Yes I noticed it was a skinned version of Cura. I will probably do my first print(s) through Qidi Slicer and if everything looks good I will probably move over to one of my other slicers I use as long as I can get it working as well through there.

Sending the files through WiFi is nice, but my concern was if it doesn't actually store the file on the printer than if you restart your computer or something in the middle of the print it would cause issues. I haven't seen if it transfers the print file to the printer or keeps it on your computer using this method for sure.

----------


## Pietro

> Hi, I love my new i-Fast, are there any others out there with one of these awesome printers? I would love to be able to chat about it with a user not just with tech support.

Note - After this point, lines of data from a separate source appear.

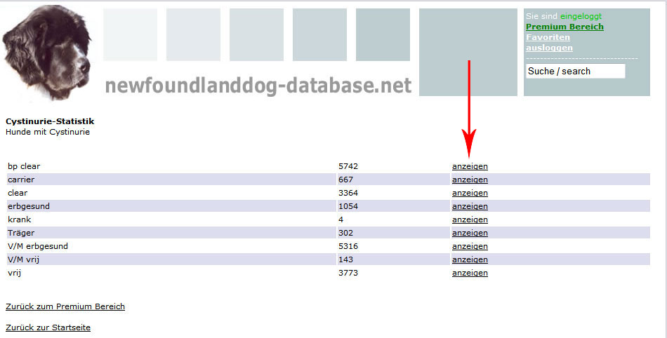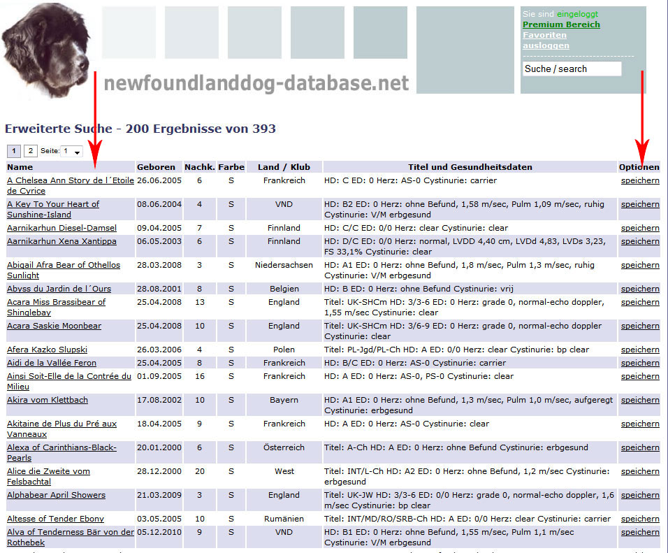 Der rote Pfeil links zeigt Ihnen den direkten Link zum einzelnen Hund, auf der rechten Seite können Sie den Hund als Favoriten speichern.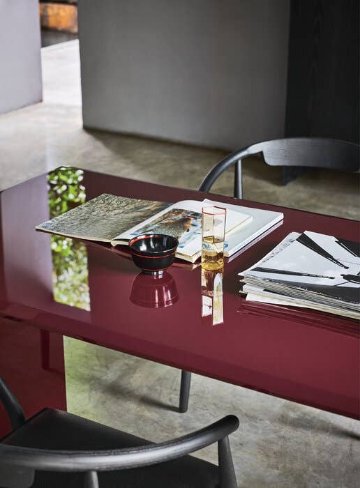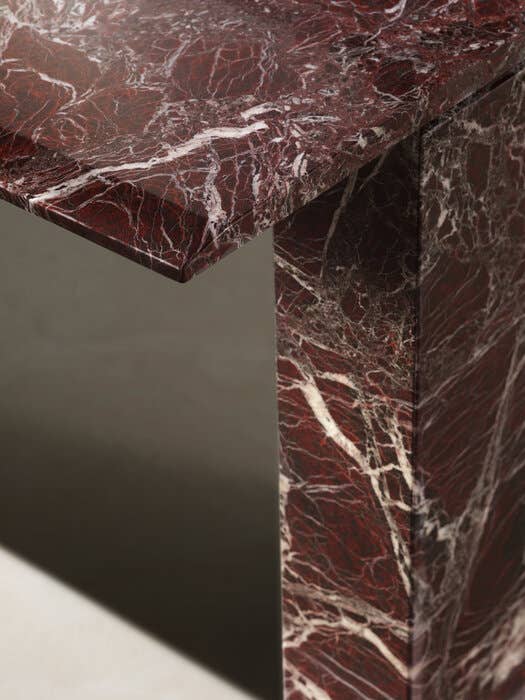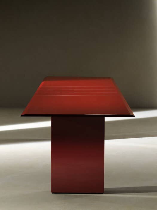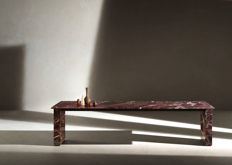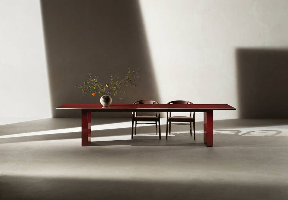 Фиксированный вариант стола Assiale представлен в двух размерах: 250 см и 294 см. Основное его преимущество — использование красного мрамора Levanto. Этот материал не только придаёт столу роскошный и монументальный вид, но и отличается высокой прочностью и долговечностью. Мрамор Levanto сохраняет свою элегантность и минималистичный дизайн на протяжении многих лет, делая стол не только красивым, но и надёжным элементом интерьера.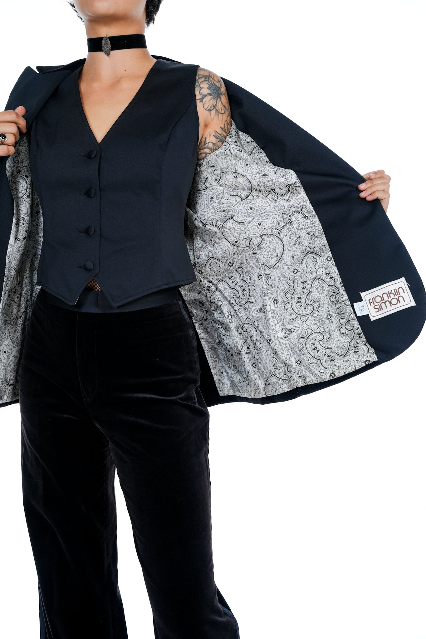 This expertly crafted 1970s black velvet three-piece suit features a distinctive exaggerated collar and a fully lined jacket with black-and-white paisley, showcasing meticulous attention to detail. The high-waisted trousers include pockets, combining classic tailoring with functional elegance.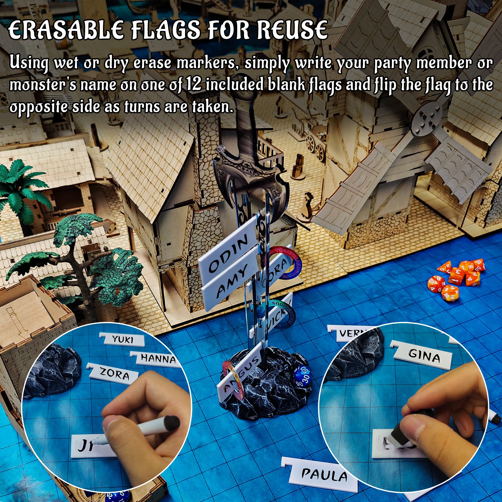 - BANDERAS BORRABLES PARA REUTILIZAR: usando marcadores de borrado húmedo o seco, simplemente escriba el nombre del miembro de su grupo o del monstruo en una de las 12 banderas en blanco incluidas y gire la bandera hacia el lado opuesto a medida que se toman los turnos.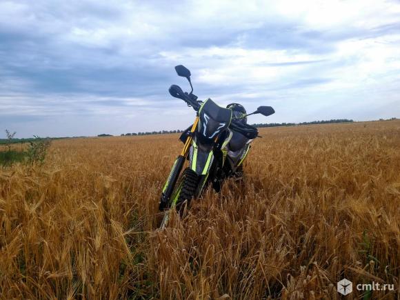Эндуро в отличном состоянии. Есть косяки по пластику(попадал в аварию). Переднее колесо серебристое, заднее чёрное. 175 мотор,25 л.с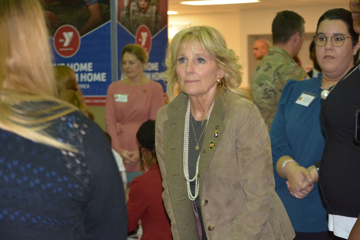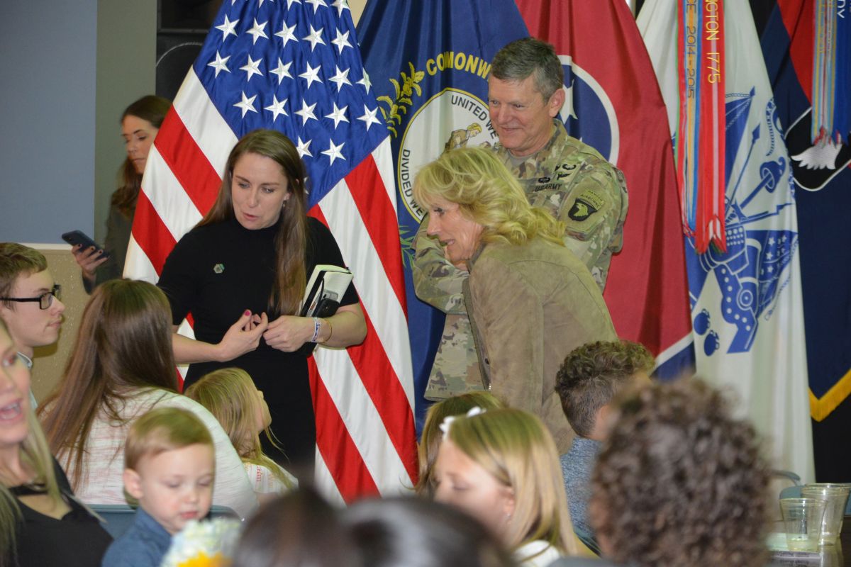 FORT CAMPBELL, KY (CLARKSVILLE NOW) – First Lady Jill Biden visited Fort Campbell Wednesday to speak with the families of soldiers deployed to Europe in support of NATO during Russia’s invasion of Ukraine.

Does this mode often need to be used?

----------


## Optixbil

I just got my new printer today. I can't figure out how to send the file wifi. After slicing, all I can do is save to file or to a removable drive. The printer is connected to my wifi and has an IP address. Any ideas?

----------


## john348

Hi   I have just got an i-fast.  To put it into context, over the years, I have had a reprap (actually 2) one I bult myself and one bought ready built, I had a Bibo but now use this for laser only and a qidi x-plus.  So I have been printing for many years.  I have an issue with the i-fast that every time I print the bed is in the wrong place.  I am printing a set file again and again so not downloading between prints.  The X-Plus works great (same file but built for the X-fast).  I have leveled the bed etc but have to watch the printing at the start and adjust the levels 'on the fly'.  It is bot consistent sometimes too close to the bed and clicking and smearing the filament, sometimes too far away and not adhering at all.  It s not just one adjuster it seems to be all of them.  It is getting very frustrating as I am printing stuff for work and need many prints.  but I cannot just set it off printing I have to wait for it to warm up and then adjust the bed.

----------


## Optixbil

I’ve had my iFast for about a month and struggling to get the “level” right. I printed 7 of the 5 square files in a row and print heights are all over the board. They are sending me a new X rail and bed

----------


## john348

Thanks  I will get in touch with them to see if they have any ideas.

----------


## john348

Got in touch and they replied very quickly and are shipping a new carriage.  I am still not sure as the prints delaminate easily or haf way through the print it wipes the printing off.  I am sure this is inconsistent z axis.  I will let you know when I get the bits

----------


## john348

Qidi responded very quickly to my enquiry and sent an update kit for the carriage.  I dont know why the carriage has an effect on the z axis starting point but I fitted the new kit and it has worked faultlessly since and I have done a lot of printing.  Not only thay they followed up the bits with an email to check all was ok.  The only issue I had was I could not get some of the screws out (very small heads) so had to change a bit more stuff BUT it was in the kit.  Lots of extra bits in the kit so was not worried.

----------


## mprieur

Hi, I am new in the forum and I just started the printer today. Everything fine except the Wifi or Lan connection I fail to get working. Same as your post. Any idea ?

----------